Work instruction: Give the data again exactly as it appears, excluding any pictures.

Provided data:
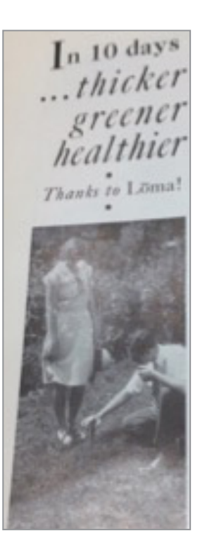
FIG. 12. LOMA ADVERTISEMENT, MAY 1931, P.100 | CANADIAN HOMES & GARDENS

EVINRUDE - EL FIG. 11. LAWN-BOY POWER MOWER ADVERTISEMENT, MAY 1934, P.66 CANADIAN HOMES & GARDENS over nature," and the upholding of resi-
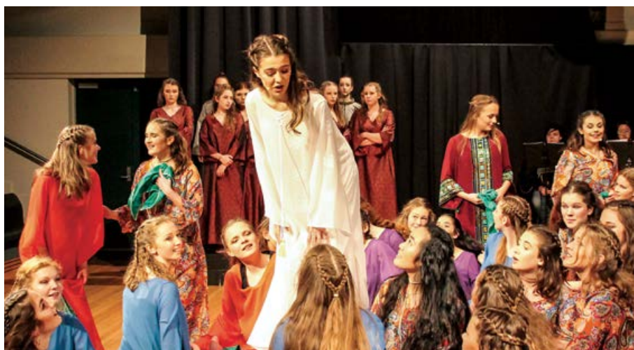
The 2017 musical Jesus Christ Superstar was a hit with the performers, crew and audience last year. We are looking forward to the Year 7–13 production of 'Alice' in 2018.

Marsden offers a wide range of cultural activities and there are many opportunities for your daughter to get involved.
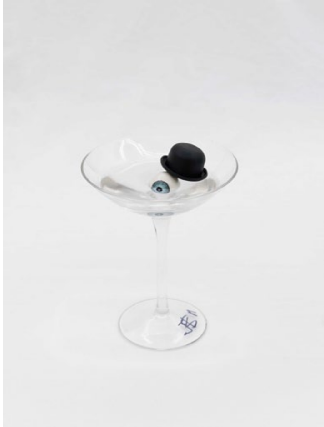
"Four Martini Lunch"
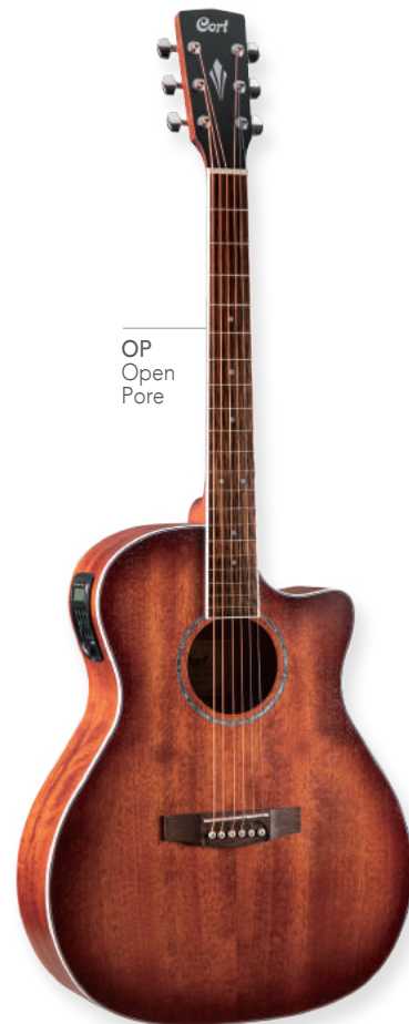
OP Open Pore
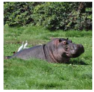
Hippopotamus in Orango
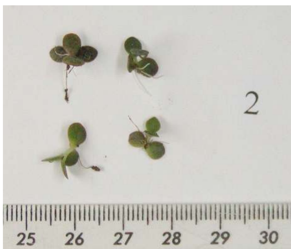
Figure 5. Buds (2) of Kalanchoe—control experience. Water without shaking.
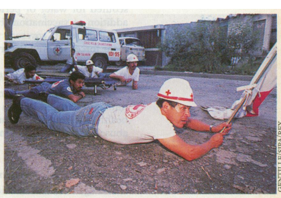
Aid workers are at risk of being caught in crossfire

Several strategies were used to overcome these difficulties.
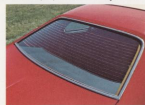
Electric Rear-window Defroster

"Tuff" Steering Wheel. For those who want a better grip on their Valiants and Dusters.
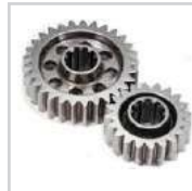
Steel Gears Muscle
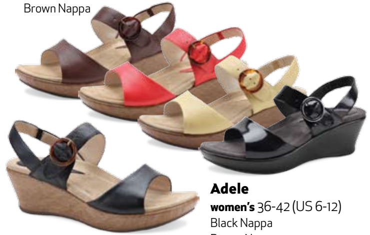
Adele women's 36-42 (US 6-12) Black Nappa Brown Nappa Coral Nappa Cornsilk Nappa Black Patent

Reply:
FIG. 12. LOMA ADVERTISEMENT, MAY 1931, P.100 | CANADIAN HOMES & GARDENS

EVINRUDE - EL FIG. 11. LAWN-BOY POWER MOWER ADVERTISEMENT, MAY 1934, P.66 CANADIAN HOMES & GARDENS over nature," and the upholding of resi-
The 2017 musical Jesus Christ Superstar was a hit with the performers, crew and audience last year. We are looking forward to the Year 7–13 production of 'Alice' in 2018.

Marsden offers a wide range of cultural activities and there are many opportunities for your daughter to get involved.
"Four Martini Lunch"
OP Open Pore
Hippopotamus in Orango
Figure 5. Buds (2) of Kalanchoe—control experience. Water without shaking.
Aid workers are at risk of being caught in crossfire

Several strategies were used to overcome these difficulties.
Electric Rear-window Defroster

"Tuff" Steering Wheel. For those who want a better grip on their Valiants and Dusters.
Steel Gears Muscle
Adele women's 36-42 (US 6-12) Black Nappa Brown Nappa Coral Nappa Cornsilk Nappa Black Patent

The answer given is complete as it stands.